**WHAT THE EXERCISE ASKS:** Among the lines below, a stretch begins at the one with "A0、A1、A2:3个地址位" and ends at the one with "ต่างหูคู่นี้มี". Repeat that stretch exactly, ends included.

** Opening RAW DATA block **

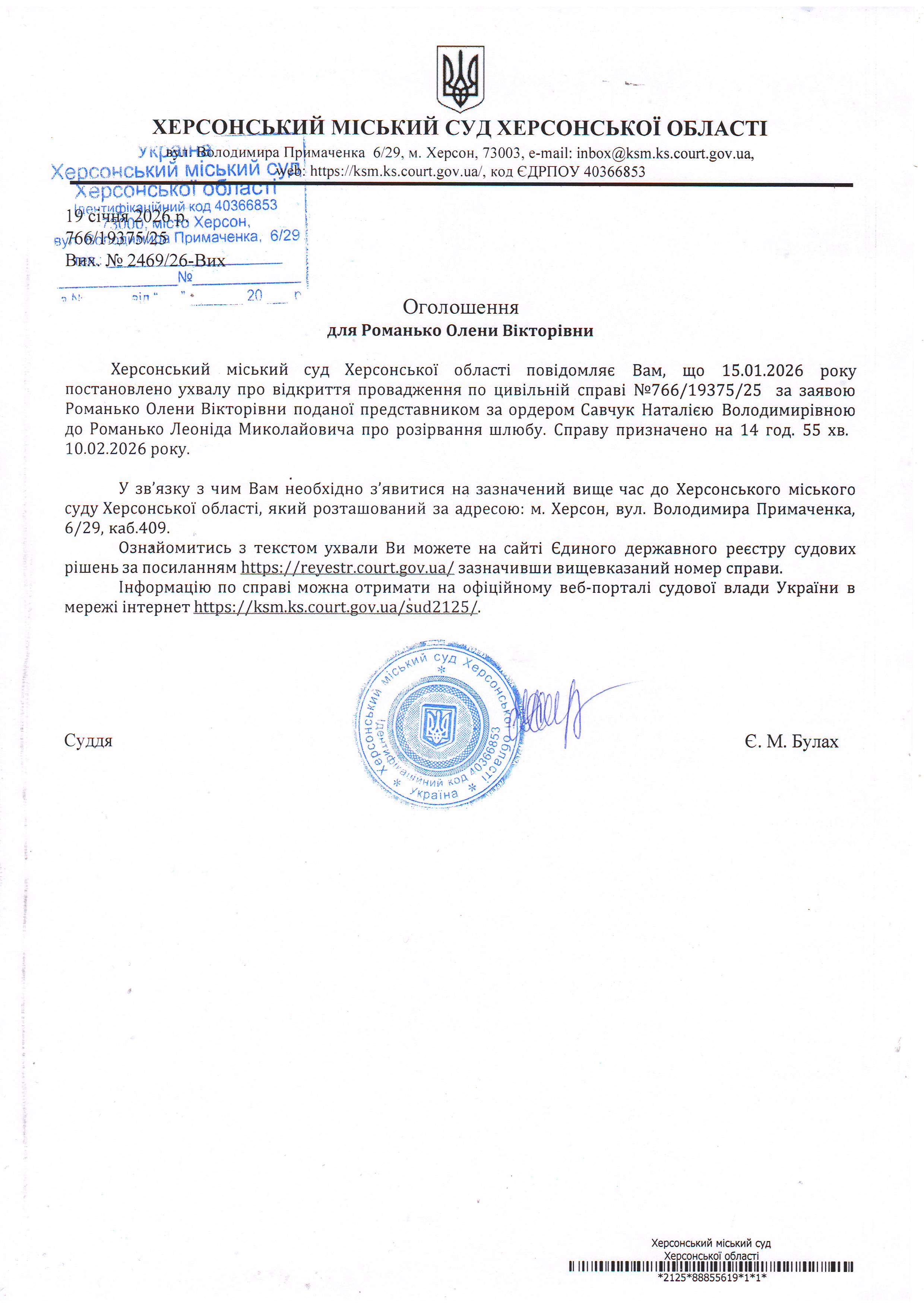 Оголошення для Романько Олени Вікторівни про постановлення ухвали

** Closing RAW DATA block **
** Opening RAW DATA block **

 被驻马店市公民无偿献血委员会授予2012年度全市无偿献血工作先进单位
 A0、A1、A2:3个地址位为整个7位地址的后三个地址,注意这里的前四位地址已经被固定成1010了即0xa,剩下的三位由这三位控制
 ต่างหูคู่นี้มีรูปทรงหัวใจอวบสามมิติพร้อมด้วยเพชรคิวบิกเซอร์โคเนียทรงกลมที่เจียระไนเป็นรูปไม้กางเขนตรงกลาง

** Closing RAW DATA block **

**RESULT BELOW:**
 A0、A1、A2:3个地址位为整个7位地址的后三个地址,注意这里的前四位地址已经被固定成1010了即0xa,剩下的三位由这三位控制
 ต่างหูคู่นี้มีรูปทรงหัวใจอวบสามมิติพร้อมด้วยเพชรคิวบิกเซอร์โคเนียทรงกลมที่เจียระไนเป็นรูปไม้กางเขนตรงกลาง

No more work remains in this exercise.